- The Washington Times - Friday, April 13, 2007

University of Maryland students folded their tents yesterday after the university system’s Board of Regents refused to pressure the university to provide more on-campus housing.

About 50 students set up tents on a campus mall Monday and began camping out in protest after more than 500 juniors received letters saying university officials had denied their requests to live on campus this fall.

“There’s a huge housing shortage,” said Emma Simon, student government president. “The Board of Regents, the university and the community need to come up with a long-term plan for affordable student housing.”

Dr. Linda Clement, vice president for student affairs, said the university gives priority to incoming freshmen because they think seniors are better equipped to find off-campus housing.

The Board of Regents yesterday granted Miss Simon’s request to appear and discuss the housing shortage but said they would not intervene in the dispute between students and the university.

The university had consistently added beds up until 2005 through new campus housing construction.

But in the spring of 2006, the Board of Regents created a policy to accept only public-private or private partnerships with developers for campus buildings such as student’s dormitories.
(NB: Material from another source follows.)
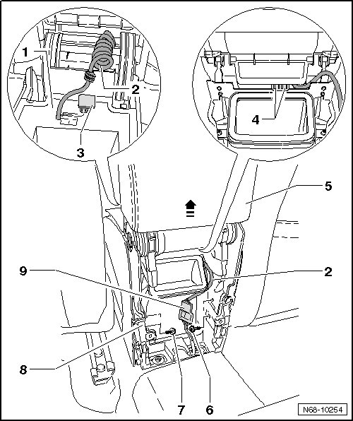 - Loosen connector - 9 - from armrest frame - 8 - and disconnect.

The policy made it harder to find developers willing to work with the university.

The Board of Regents last spring also denied a loan request from university officials to fund new student housing, but the board accepted the university’s proposal to develop the East Campus, about 38 acres to the south of Route 1.

University officials are still negotiating with a developer to include new student housing as a part of the East Campus development.

Students had a meeting Thursday night to discuss the start of a campus petition and a documentary that would follow several students who were denied a bed on campus.

While rolling up her sleeping bag yesterday afternoon, Miss Simon said the Board of Regents could further assist the university by scouting out willing developers and talking with College Park community officials about creating new student housing.

“I don’t think the university needs to guarantee on-campus housing, but they have an obligation to provide adequate and affordable housing options for students,” Miss Simon said.